Work to complete:
When you reach the line with "The accessory pack", start repeating the lines exactly and keep going to the end of the records, but drop every picture.

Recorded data
○ ○ ○ ○ ○
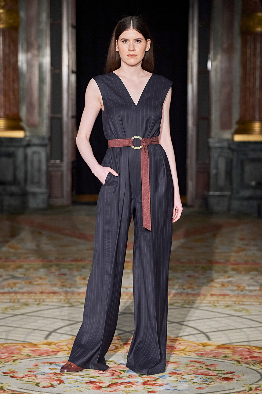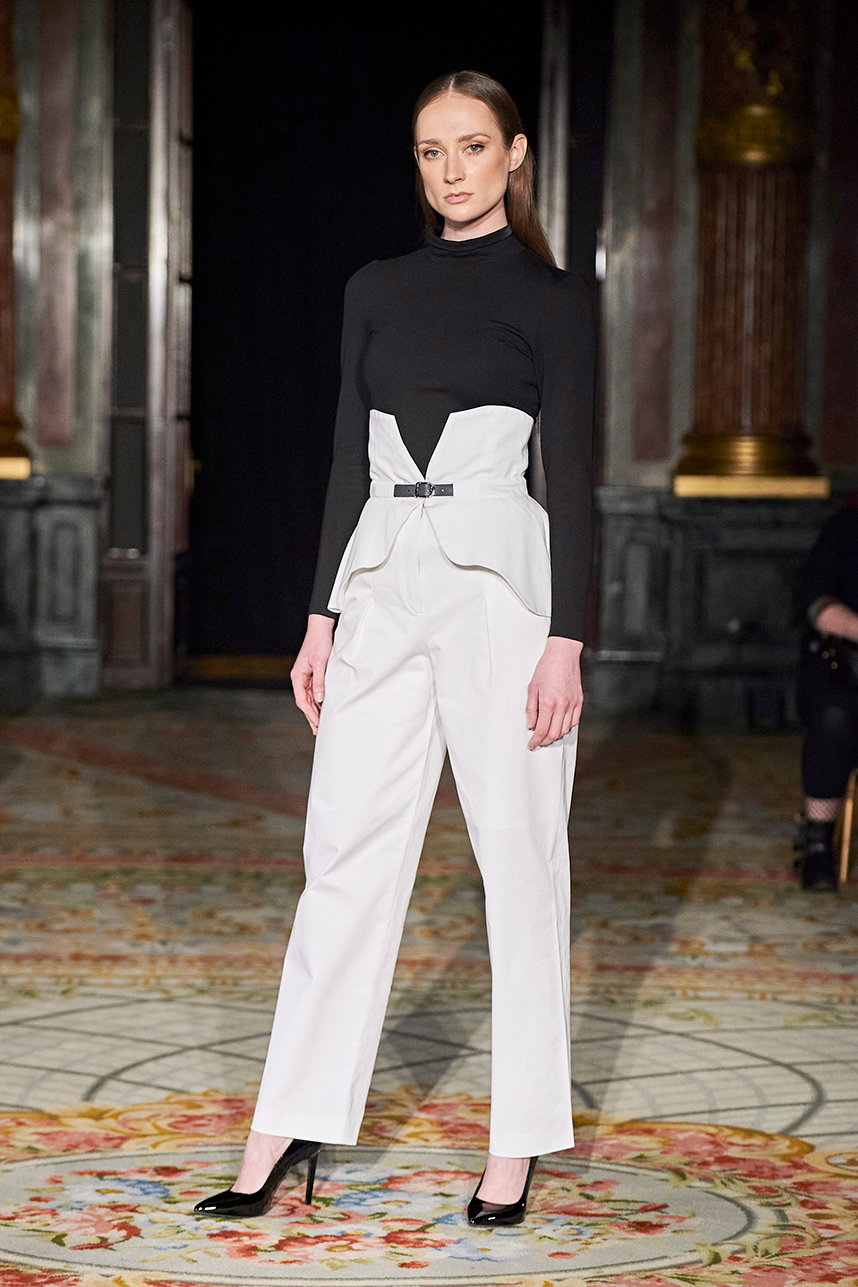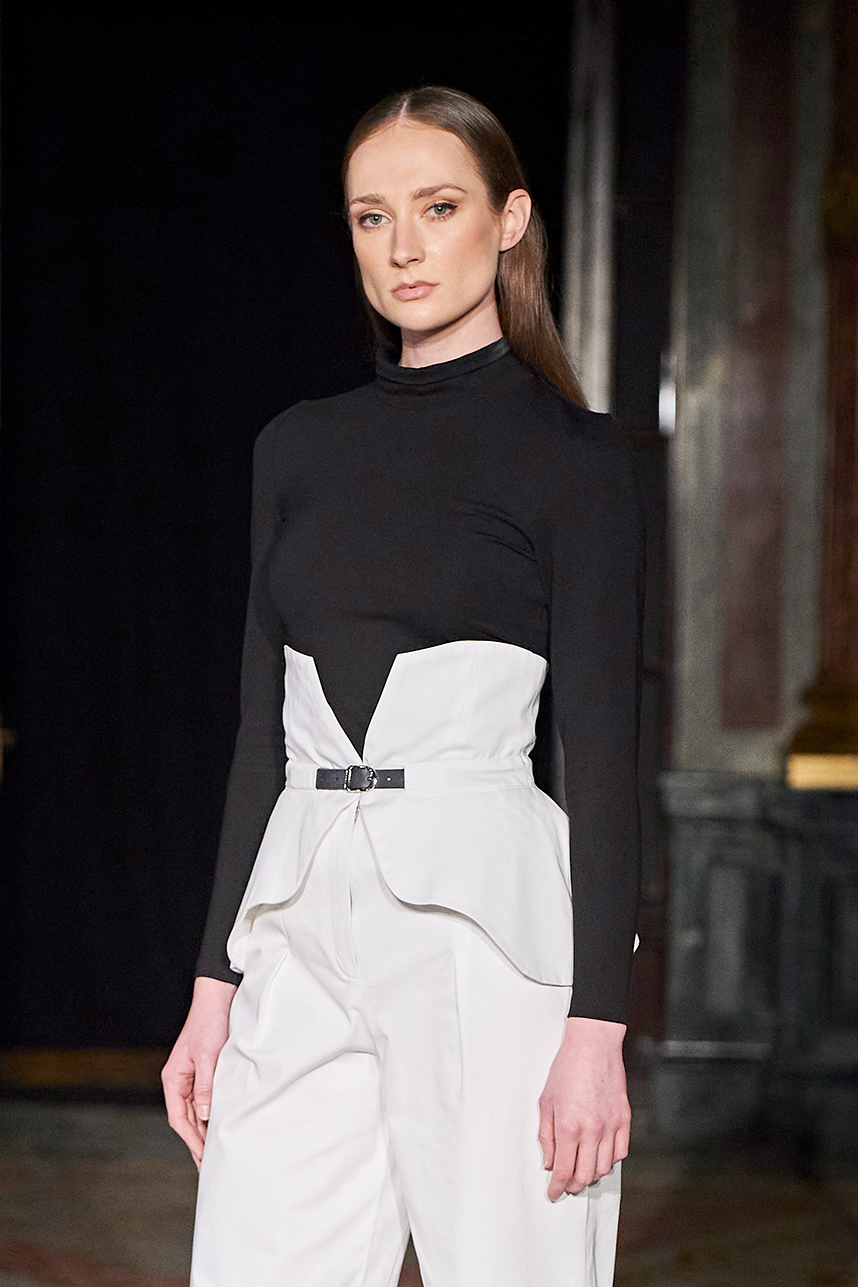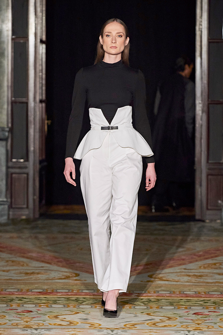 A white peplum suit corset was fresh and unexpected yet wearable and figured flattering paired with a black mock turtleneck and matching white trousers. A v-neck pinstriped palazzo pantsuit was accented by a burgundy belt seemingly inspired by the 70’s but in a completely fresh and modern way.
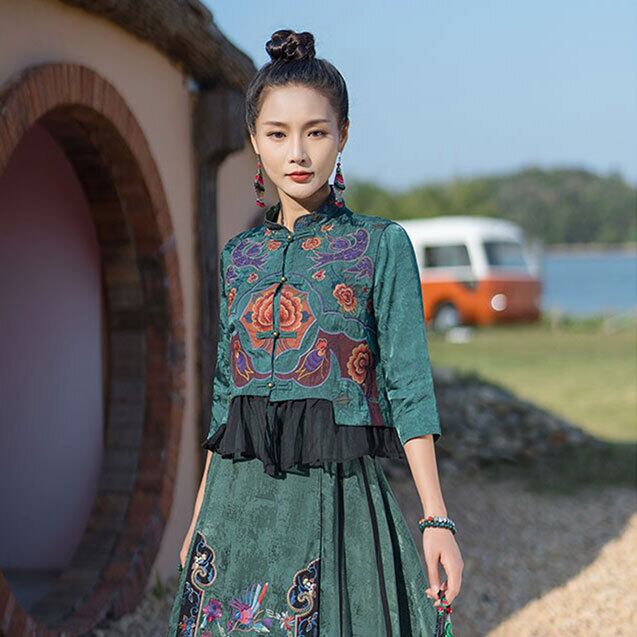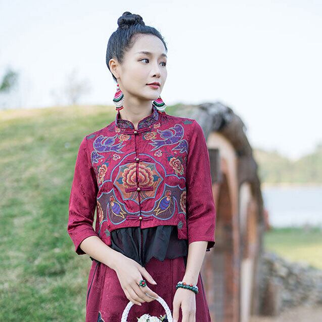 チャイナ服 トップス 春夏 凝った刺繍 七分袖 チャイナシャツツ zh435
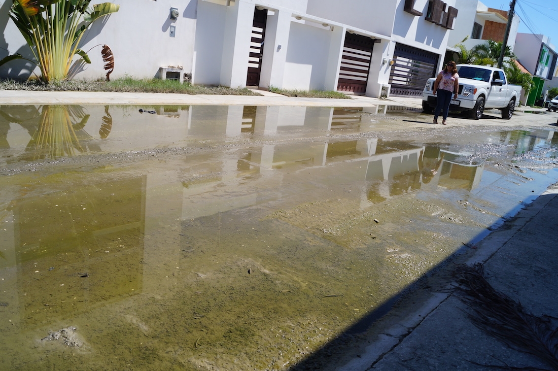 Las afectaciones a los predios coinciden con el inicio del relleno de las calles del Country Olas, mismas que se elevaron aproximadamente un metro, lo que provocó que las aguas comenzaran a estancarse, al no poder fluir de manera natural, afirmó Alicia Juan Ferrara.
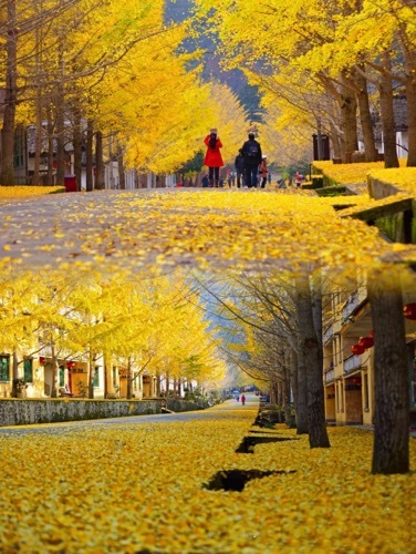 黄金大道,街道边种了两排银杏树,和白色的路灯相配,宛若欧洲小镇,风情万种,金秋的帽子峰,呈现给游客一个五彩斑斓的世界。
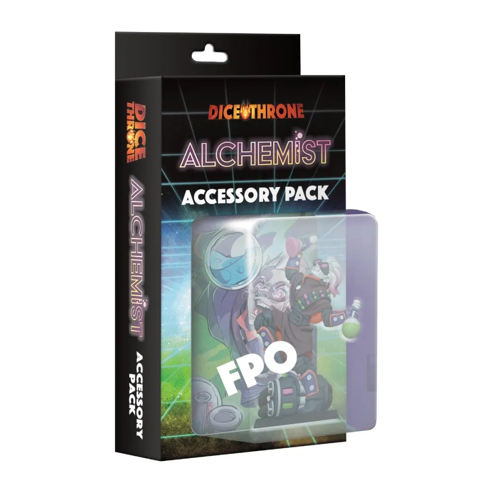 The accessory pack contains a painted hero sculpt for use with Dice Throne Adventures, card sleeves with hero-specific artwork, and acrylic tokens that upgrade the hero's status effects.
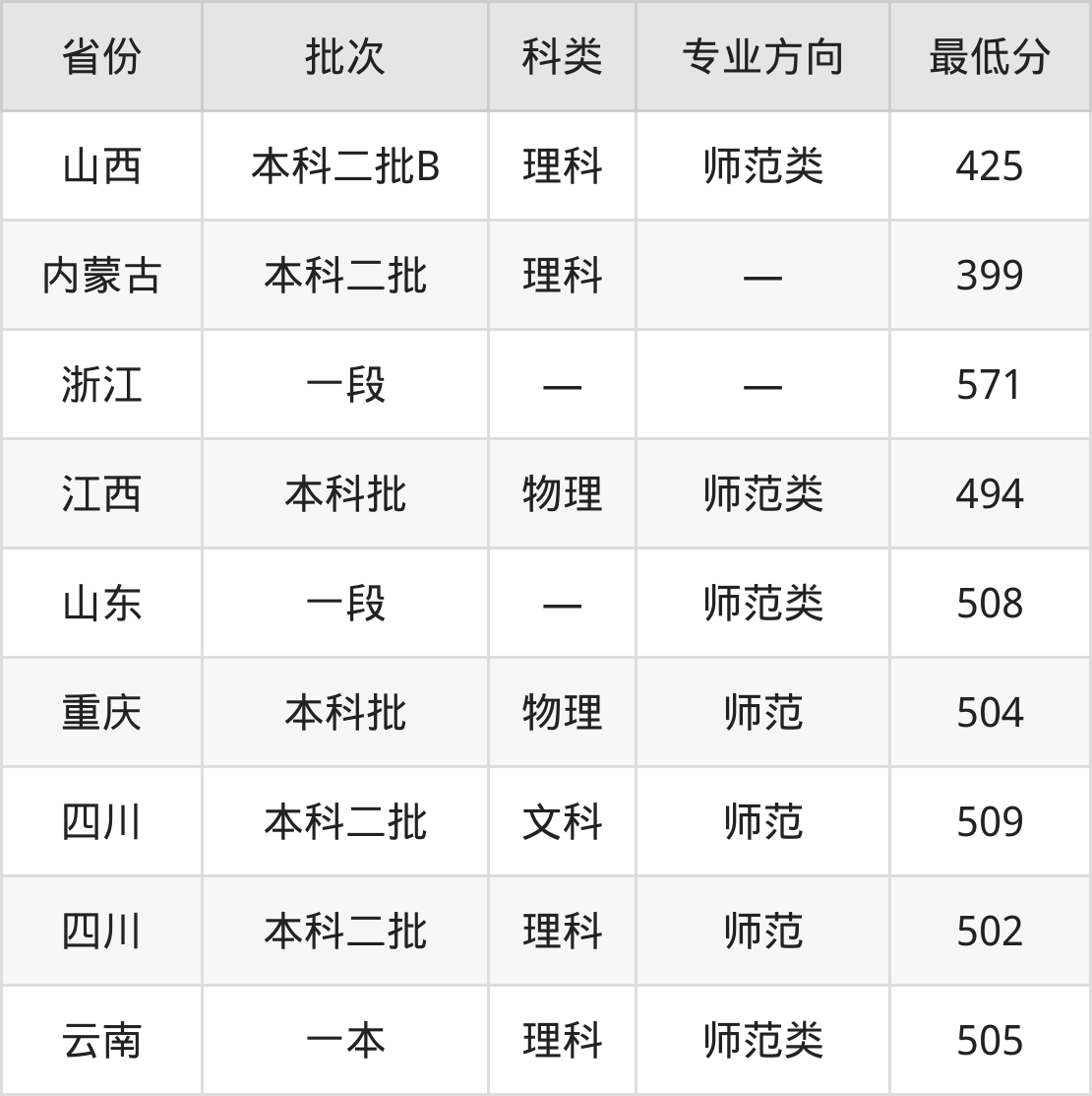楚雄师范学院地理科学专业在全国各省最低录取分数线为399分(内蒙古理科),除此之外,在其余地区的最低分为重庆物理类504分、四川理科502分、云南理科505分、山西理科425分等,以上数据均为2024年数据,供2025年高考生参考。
○ ○ ○ ○ ○
Response to the task:
 The accessory pack contains a painted hero sculpt for use with Dice Throne Adventures, card sleeves with hero-specific artwork, and acrylic tokens that upgrade the hero's status effects.
楚雄师范学院地理科学专业在全国各省最低录取分数线为399分(内蒙古理科),除此之外,在其余地区的最低分为重庆物理类504分、四川理科502分、云南理科505分、山西理科425分等,以上数据均为2024年数据,供2025年高考生参考。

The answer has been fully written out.